ROWLEY — A Haverhill contractor charged with tapping into the town’s electricity grid in 2019 while working on two Haverhill Street homes must pay $1,430 to the Municipal Light Department within six months. Keith Braunack, 42, of Woodman Avenue saw two fraudulent use of electricity charges generally continued for six months and a slew of related charges dropped prior to his arraignment minutes earlier last Wednesday in Newburyport District Court. Failure to pay could result in the charges being brought back before a judge by a county prosecutor.

The agreement came moments after prosecutors dropped all charges against a Methuen contractor originally charged with the offenses.

Unlike many municipalities, Rowley residents receive electricity directly from the town – a network overseen by the Municipal Light Department.

The Methuen man hired Braunack as a subcontractor to work on the homes but was unaware that Braunack tapped into the town’s electricity network to illuminate the homes, according to court records.
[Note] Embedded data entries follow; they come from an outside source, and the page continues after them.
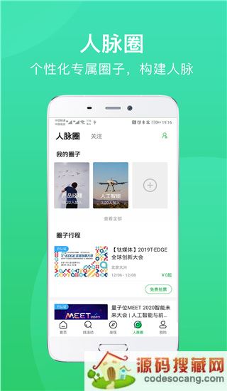 3、人脉圈:精英汇集,随时关注同行动态、热门会议和线下活动,透过活动构建人脉。
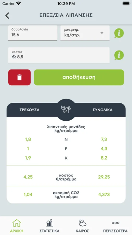 • Λιπάνσεις, αρδεύσεις, καλλιεργητικές εργασίες (μοναδιαίο και συσσωρευτικό κόστος και αυτόματος υπολογισμός ανθρακικού αποτυπώματος)
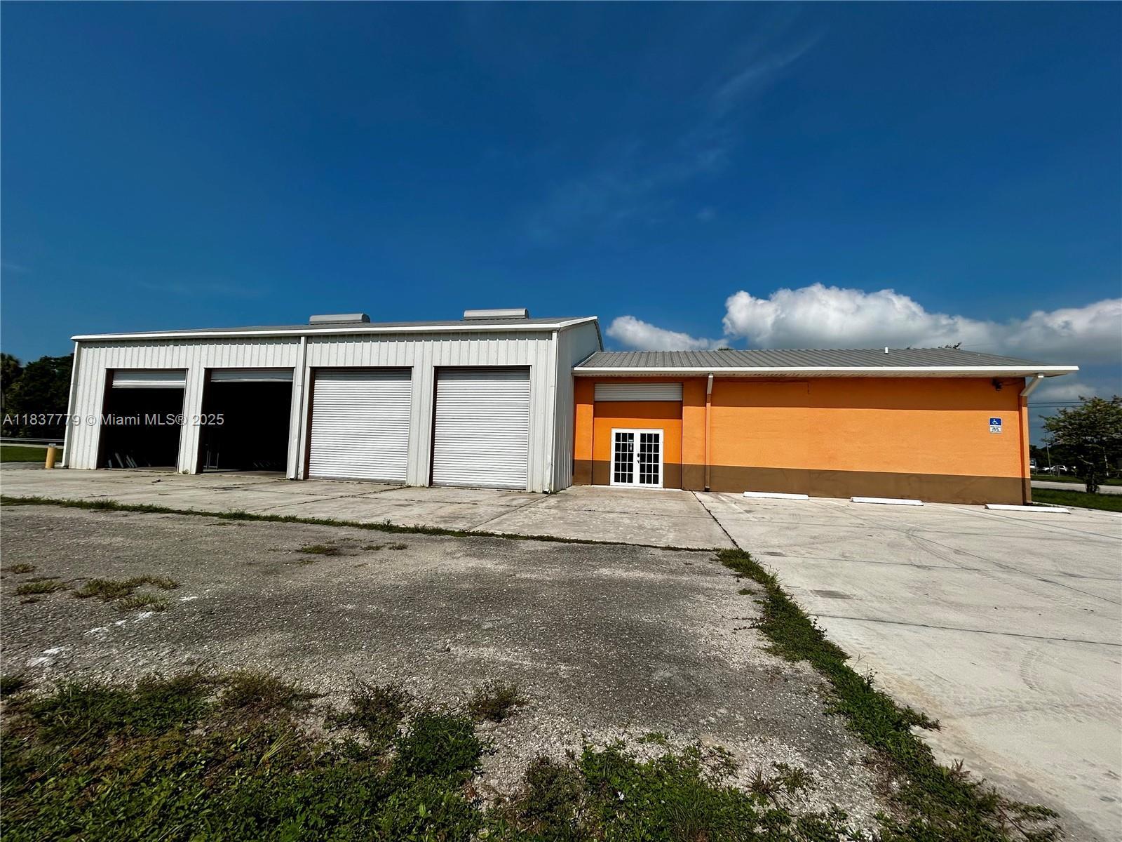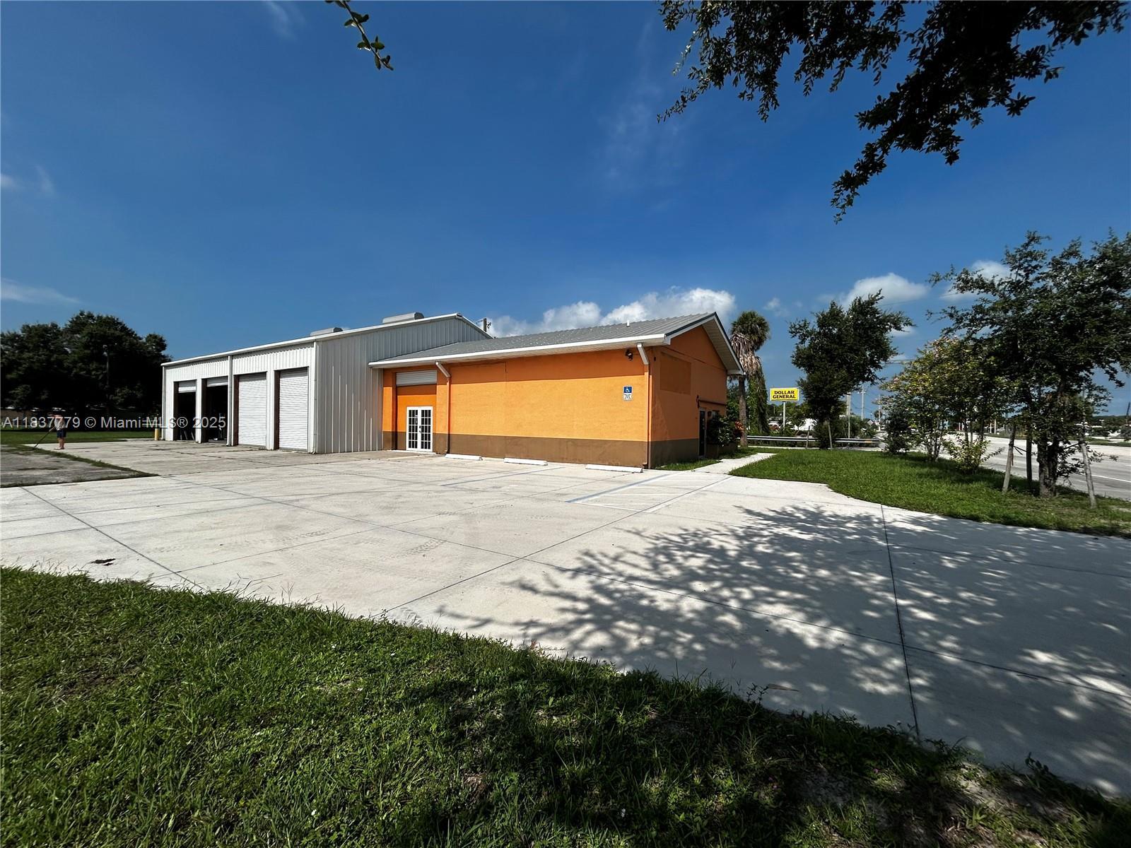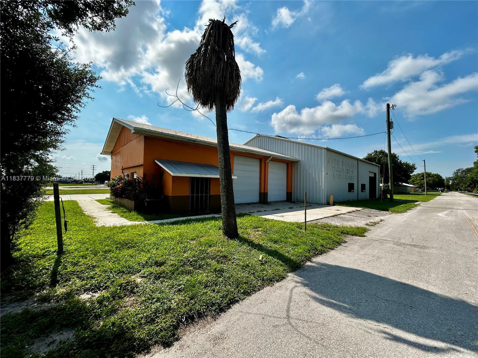 Prime corner location on busy Highway 70 in the heart of Downtown Okeechobee. Zoned Heavy Commercial. Includes reception area, office, warehouse with 5 roll-up doors, and space for showroom. Perfect for tire sales, repairs, auto accessories, or similar use. High traffic visibility and excellent exposure. Lease price is $5,000/month for the main property only. Optional rear lot available separately. All measurements are approximate and should be verified with Okeechobee County

In mid-January 2020, Light Department Superintendent Mark Anderson spoke to Rowley police Sgt. Matthew Ziev after spotting lights inside 623 Haverhill St., which had been unoccupied for years.
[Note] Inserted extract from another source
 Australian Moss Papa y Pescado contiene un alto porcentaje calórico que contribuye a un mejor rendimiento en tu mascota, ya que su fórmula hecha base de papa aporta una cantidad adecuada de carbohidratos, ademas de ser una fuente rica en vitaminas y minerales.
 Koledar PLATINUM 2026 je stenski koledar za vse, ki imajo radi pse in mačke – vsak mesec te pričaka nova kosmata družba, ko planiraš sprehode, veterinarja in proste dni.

Anderson then spotted an orange electrical cable running from the house to a town service line along the street. A closer look showed there was no electrical meter attached to the home. Ziev was able to track down building permits for the address and learned that the Methuen contractor had signed them. He also learned the same contractor was working on 929 Haverhill St. and went there to see if the same thing happened.

After arriving, Ziev noticed what looked liked jumper-like devices coming from the house’s meter box.

“Upon opening the meter, I observed there to be two jumper bars in the meter sockets,” Ziev wrote in his report. “I subsequently contacted Anderson and advised him of the same. Anderson responded to the scene and confirmed my observations, citing that the suspect in this case jumped electricity out of the meter socket, ultimately stealing electricity from the town of Rowley.”

Soon after, Rowley police issued an arrest warrant for the Methuen contractor.

After the warrant was issued Jan. 23, 2020, the Methuen man came to the police station and was placed under arrest. Accompanying him was Braunack.

The Methuen man told police he knew nothing of the illegal power taps and had hired Braunack to work on the homes as a subcontractor.

“Braunack confirmed that he was hired by (the Methuen man) to complete the electrical work. He also made admissions that he hooked into the RMLP illegally,” Ziev wrote in his report, adding that the contractor was ultimately responsible for what happened at the job sites.

The Methuen contractor was later arraigned in Newburyport District Court on two fraudulent use of electricity charges, larceny under $1,200 and wanton destruction of property under $1,200 charges.

Braunack never provided a written statement admitting he tapped into the town’s grid – a decision that ultimately led to the Methuen man having to face those charges for almost two years before they were dropped Wednesday.